*INFORMATION PROVIDED*
▶

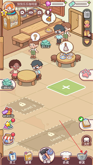 2、在餐廳大廳頁(yè)面,點(diǎn)擊右下角的研發(fā)按鈕進(jìn)入研發(fā)界面開(kāi)啟菜品研發(fā)。
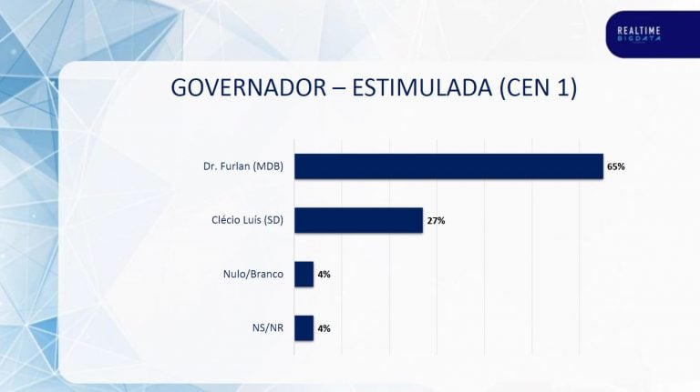 O político aparece com 65% das intenções de voto no único cenário testado pelo instituto. A disputa é travada contra o atual governador Clécio Luís (Solidariedade), que soma apenas 27%.
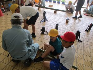 ③ 内川の環境に係わる学習・・・「みどりの少年団」の活動として、地域のたけのこまつり祭で募金活動を行った。また地域の方や森林振興課の方々に指導してもらい、地域の間伐材を使ってえんぴつ立ての製作を行った。この活動を行うことで、地域の特色や間伐の必要性、間伐材の有効活用の手段を学ぶことができた。今年度はこれらに加え、講師をお招きしての「自然学校」を開催。里山の大切さについて学ぶ良い機会とすることができた。
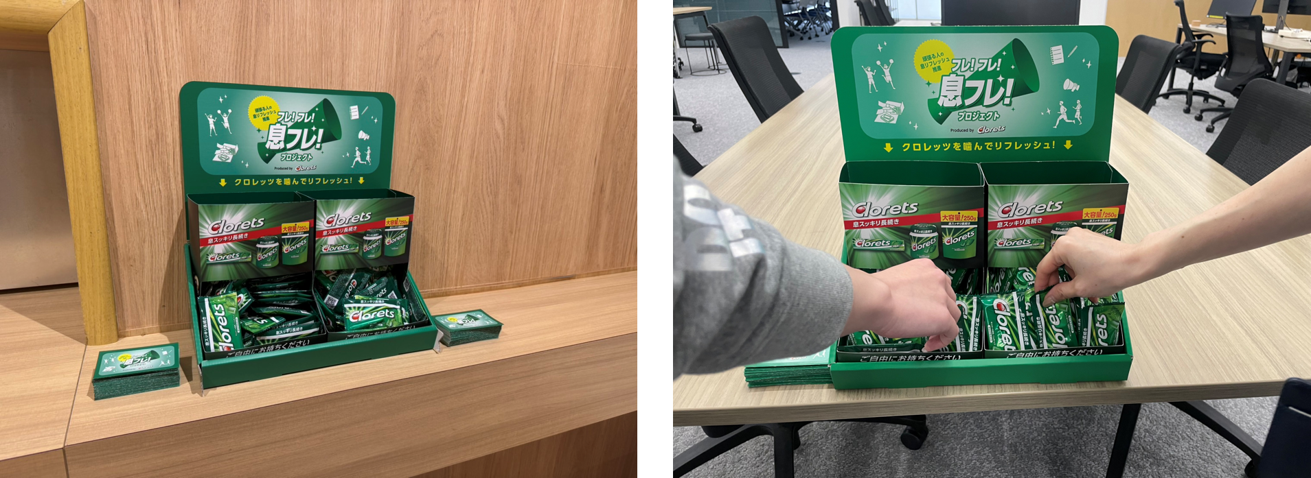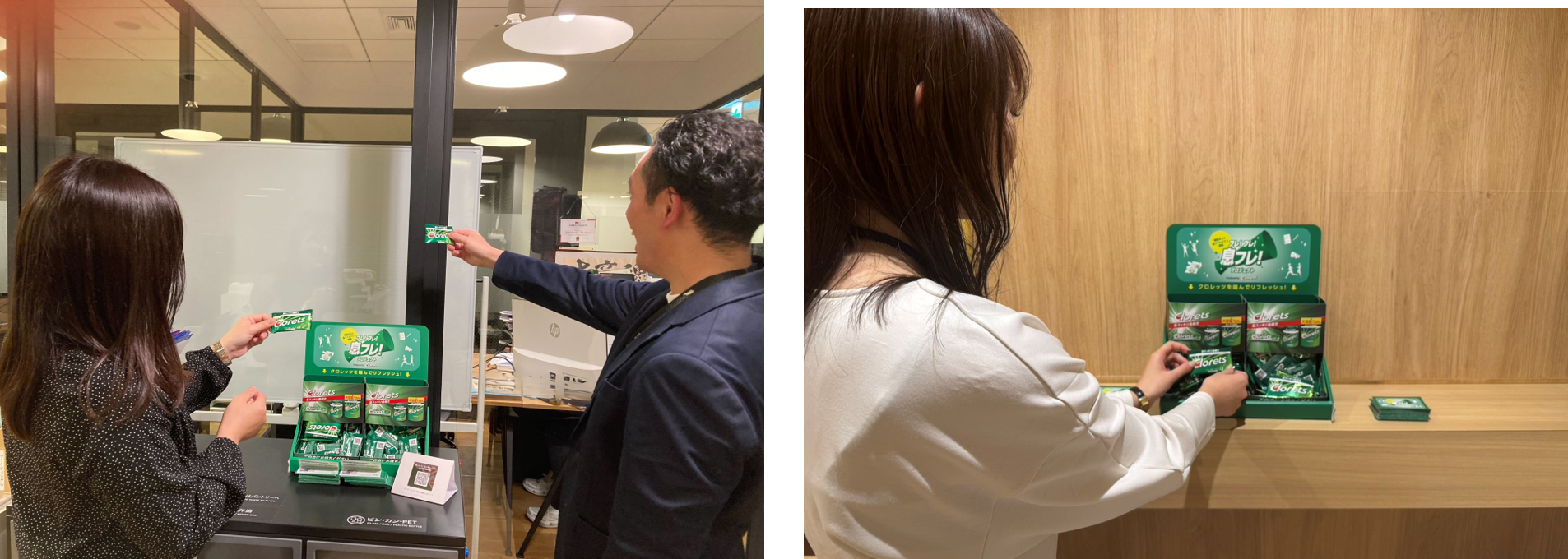 本プロジェクトの取り組みの一つとして、社員の生産性向上や健康経営を目指す企業3社に、 オフィスやワークスペースでのクロレッツのサンプリングを実施しました。その結果、多くの方から、業務の合間にガムを噛むことを取り入れることで、リフレッシュや気分転換のきっかけになったという声をいただきました。

◀

Please retype the listing exactly, leaving out any images.

 2、在餐廳大廳頁(yè)面,點(diǎn)擊右下角的研發(fā)按鈕進(jìn)入研發(fā)界面開(kāi)啟菜品研發(fā)。
 O político aparece com 65% das intenções de voto no único cenário testado pelo instituto. A disputa é travada contra o atual governador Clécio Luís (Solidariedade), que soma apenas 27%.
 ③ 内川の環境に係わる学習・・・「みどりの少年団」の活動として、地域のたけのこまつり祭で募金活動を行った。また地域の方や森林振興課の方々に指導してもらい、地域の間伐材を使ってえんぴつ立ての製作を行った。この活動を行うことで、地域の特色や間伐の必要性、間伐材の有効活用の手段を学ぶことができた。今年度はこれらに加え、講師をお招きしての「自然学校」を開催。里山の大切さについて学ぶ良い機会とすることができた。
 本プロジェクトの取り組みの一つとして、社員の生産性向上や健康経営を目指す企業3社に、 オフィスやワークスペースでのクロレッツのサンプリングを実施しました。その結果、多くの方から、業務の合間にガムを噛むことを取り入れることで、リフレッシュや気分転換のきっかけになったという声をいただきました。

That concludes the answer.